RRF formula for a document d across ranked lists: RRF(d) = Σ 1 / (k + rank(d)), where k=60 is a smoothing constant.

from rank_bm25 import BM25Okapi
from collections import defaultdict

# Build BM25 index
tokenized = [chunk.lower().split() for chunk in chunks]
bm25 = BM25Okapi(tokenized)

def reciprocal_rank_fusion(rankings: list[list[str]], k: int = 60) -> list[str]:
    scores = defaultdict(float)
    for ranked_list in rankings:
        for rank, doc_id in enumerate(ranked_list):
            scores[doc_id] += 1.0 / (k + rank + 1)
    return sorted(scores, key=scores.get, reverse=True)

# Query both retrievers
query = "heart attack symptoms"
query_vec = model.encode([query], normalize_embeddings=True)[0]

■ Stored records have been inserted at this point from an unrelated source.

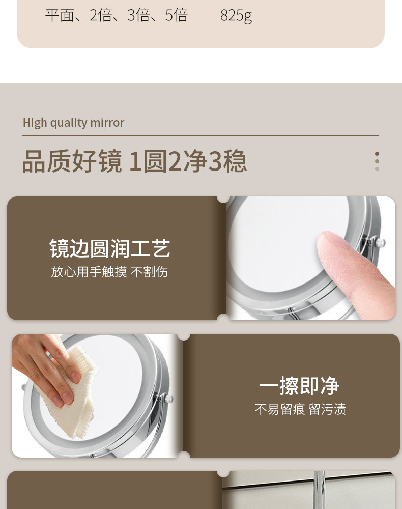 ネット赤金属両面鏡10倍拡大化粧鏡10倍昇降デスクトップled携帯知能補助灯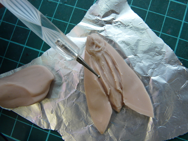 Шаг 3. Берем маринованного осетра и чего-нибудь с ним делаем. Что именно делать зависит от того, какой окончательный вид вы хотите придать готовому изделию. Плетем разрезы, скручиваем всякие хвостики, расширяем разрезы вставляя распорки. Пропитанная краской кожа эластична, легко поддается подобным манипуляциям.
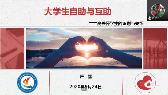 严老师主要从高关怀学生类型、心理危机的识别、学生骨干如何干预、我校心理健康中心这四方面展开。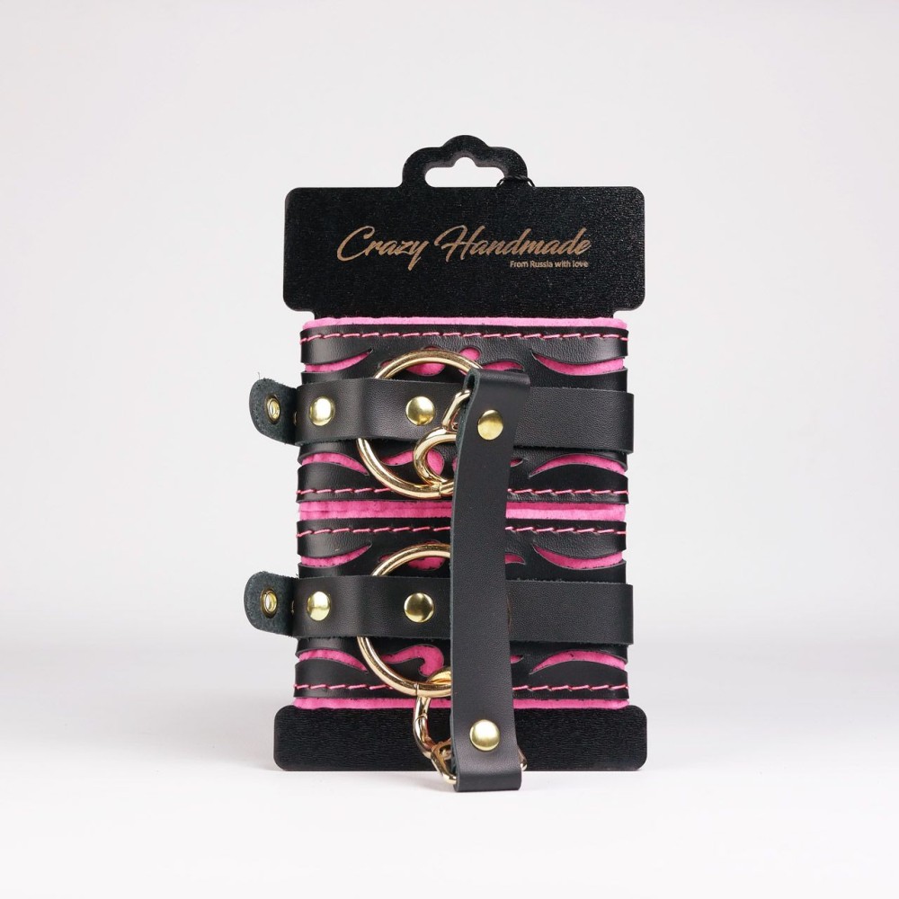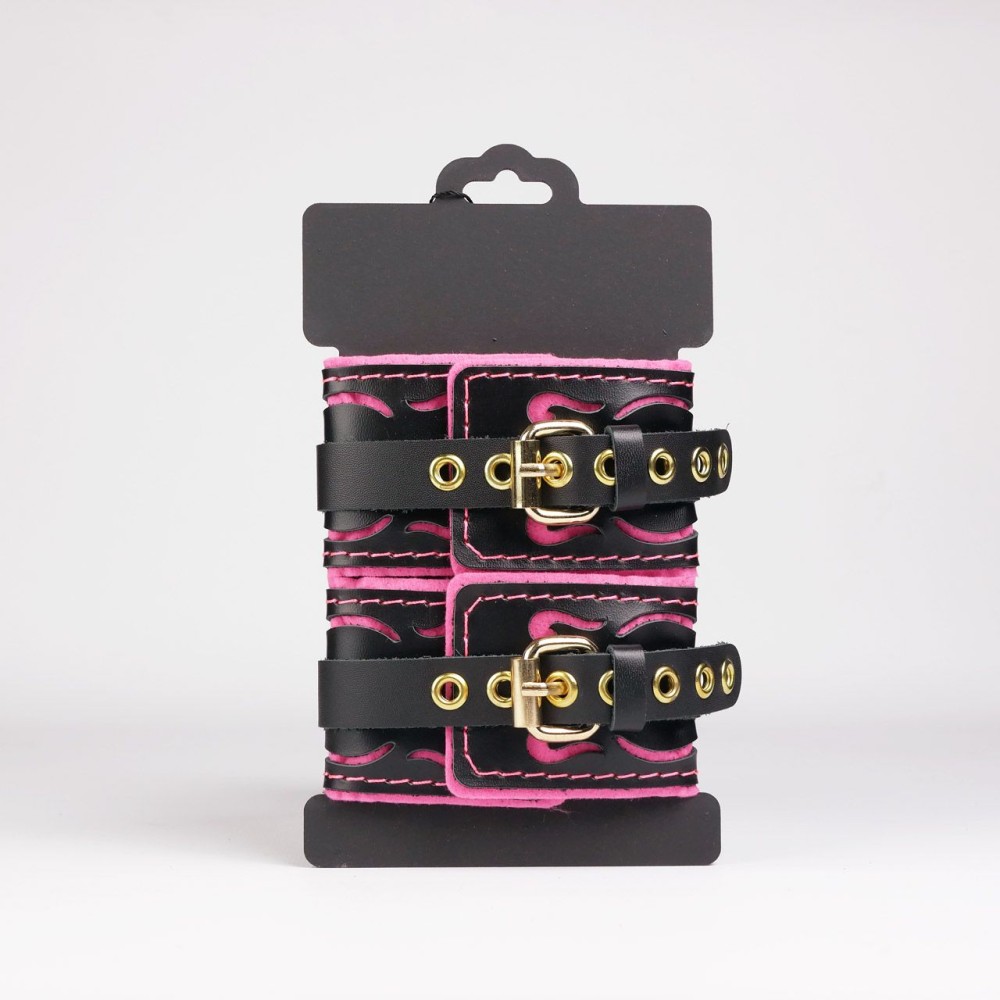Черные кожаные оковы с розовой строчкой

dense_hits = [str(r.id) for r in client.search("docs", query_vec, limit=20)]
bm25_scores = bm25.get_scores(query.lower().split())
bm25_hits = [str(i) for i in bm25_scores.argsort()[::-1][:20]]

fused = reciprocal_rank_fusion([dense_hits, bm25_hits])
top_candidates = fused[:20]  # pass to re-ranker

5. Re-ranking with a Cross-Encoder

Bi-encoder retrieval (query and document encoded separately) trades precision for speed. For your top-20 candidates, a cross-encoder processes the query and each document jointly, producing far more accurate relevance scores — at a cost acceptable for a small candidate set.

Options:

  • Cohere Rerank API — hosted, production-grade, single API call
  • BAAI/bge-reranker-large — open-source, runs locally
# Option A: Cohere Rerank (hosted)
import cohere
co = cohere.Client("YOUR_API_KEY")

candidate_texts = [chunks[int(i)] for i in top_candidates]
reranked = co.rerank(
    model="rerank-english-v3.0",
    query=query,
    documents=candidate_texts,
    top_n=5
)
final_results = [candidate_texts[r.index] for r in reranked.results]

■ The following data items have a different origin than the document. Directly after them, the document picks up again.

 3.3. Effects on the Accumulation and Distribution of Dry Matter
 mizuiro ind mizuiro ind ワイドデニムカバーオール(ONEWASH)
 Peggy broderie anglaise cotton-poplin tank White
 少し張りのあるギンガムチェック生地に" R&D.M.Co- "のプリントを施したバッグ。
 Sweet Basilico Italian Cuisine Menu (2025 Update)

# Option B: BGE Reranker (local)
from sentence_transformers import CrossEncoder
reranker = CrossEncoder("BAAI/bge-reranker-large")
scores = reranker.predict([(query, t) for t in candidate_texts])
final_results = [t for _, t in sorted(zip(scores, candidate_texts), reverse=True)][:5]


6. Wrapping It in FastAPI

Tie everything together in a deployable API:

from fastapi import FastAPI
from pydantic import BaseModel

app = FastAPI()

class SearchRequest(BaseModel):
    query: str
    top_k: int = 5

@app.post("/search")
def search(req: SearchRequest):
    query_vec = model.encode([req.query], normalize_embeddings=True)[0]
    dense_hits = [str(r.id) for r in client.search("docs", query_vec, limit=20)]
    bm25_hits = [str(i) for i in bm25.get_scores(req.query.lower().split()).argsort()[::-1][:20]]
    fused = reciprocal_rank_fusion([dense_hits, bm25_hits])[:20]
    candidates = [chunks[int(i)] for i in fused]
    scores = reranker.predict([(req.query, c) for c in candidates])
    ranked = sorted(zip(scores, candidates), reverse=True)[:req.top_k]
    return {"results": [text for _, text in ranked]}

Run with uvicorn app:app --reload and test at http://localhost:8000/docs.


Production Checklist

Before going live, verify:

  • Embedding model pinned — embedding model updates break index compatibility; version-lock your model.
  • Async upserts — batch index updates off the request path using a queue (Celery, ARQ).
  • Metadata filtering first — apply Qdrant filters before ANN to shrink the search space.
  • Monitor latency per stage — retrieval, re-rank, and total P95; set alerts on each.
  • Cache hot queries — Redis TTL cache on (query_hash, filters) cuts repeat latency to milliseconds.

Summary

You now have a complete semantic search pipeline:

  • Chunk documents with recursive splitting
  • Embed with bge-large or text-embedding-3-large
  • Index into Qdrant with rich metadata payloads
  • Retrieve with hybrid BM25 + dense via RRF
  • Re-rank top candidates with a cross-encoder
  • Serve via FastAPI
  • This architecture handles the full spectrum from exact keyword hits to deep semantic matches — giving your users results that feel genuinely intelligent rather than just lexically lucky.